*** Provided records
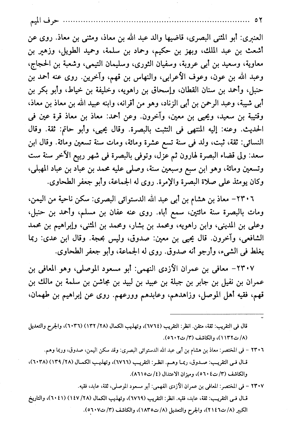 2307 - معافى بن عمران الأزدى النهمى: أبو مسعود الموصلى، وهو المعافى بن عمران بن نفيل بن جابر بن جبلة بن عبيد بن لبيد بن مجاشن بن سلمة بن مالك بن قهم، فقيه أهل الموصل، وزاهدهم، وعابدهم وورعهم. روى عن إبراهيم بن طهمان،
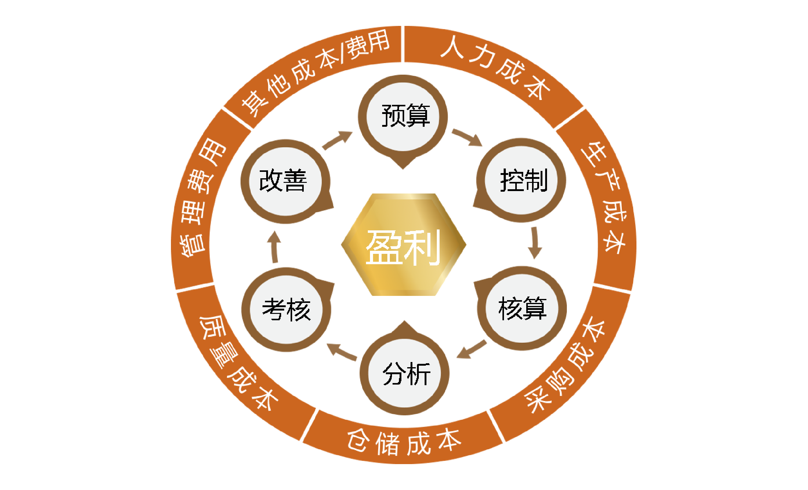 6. 改善:改善是根据分析和考核的结果,采取相应的措施,优化成本结构,降低成本。
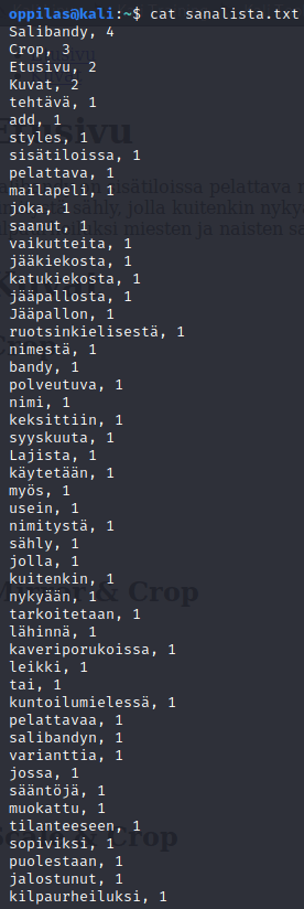 cewl -c -w sanalista.txt localhost - -c (laskee kuinka monta kertaa sana esiintyy sivustolla), -w (tulostaa tiedot tiedostoon)
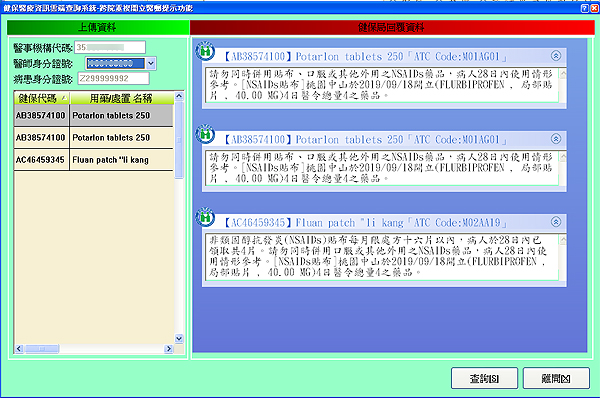 另於108年9月23日新增「資料類別:5(非類固醇抗發炎劑藥品)」主動提示功能,未來將比對非類固醇抗發炎(NSAIDs)貼布、軟膏、口服之範圍用藥紀錄,且該範圍28日內之用藥紀錄醫令總量大於0者,回饋提示訊息如下:
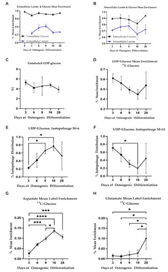 (A,B) Mean 13C-glucose label enrichment in intra-and extracellular glucose and lactate. Shown is average value (n = 3) with standard deviation. No statistical significance in mean label enrichment between days was observed. Data is normalized to cell quantity. (C–F) Isotopologue distribution of UDP-glucose supports increased glycolysis during osteogenic differentiation. Shown is average value (n = 3) with standard deviation. Star-marked comparisons are statistically significant at p < 0.05. All other cases that are not star-marked are non-significant. S.I. = signal intensity. (G,H) Mean label enrichment in aspartate and glutamate from 13C-labeled glucose. Shown is average value (n = 3) with standard deviation. Star-marked comparisons are statistically significant at: * p < 0.05; *** p < 0.001; **** p < 0.0001.
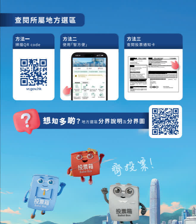政府早前已向逾413萬名已登記選民寄出投票通知卡,選民只可在投票通知卡上列明的投票站投票。選民記得留意信箱或網上查詢去哪個票站投票。
******
*Work instruction:* Your reply should be the lines of the records from the start through the line with "6. 改善:改善是根据分析和", copied word for word, pictures omitted.

*Written answer:*
 2307 - معافى بن عمران الأزدى النهمى: أبو مسعود الموصلى، وهو المعافى بن عمران بن نفيل بن جابر بن جبلة بن عبيد بن لبيد بن مجاشن بن سلمة بن مالك بن قهم، فقيه أهل الموصل، وزاهدهم، وعابدهم وورعهم. روى عن إبراهيم بن طهمان،
 6. 改善:改善是根据分析和考核的结果,采取相应的措施,优化成本结构,降低成本。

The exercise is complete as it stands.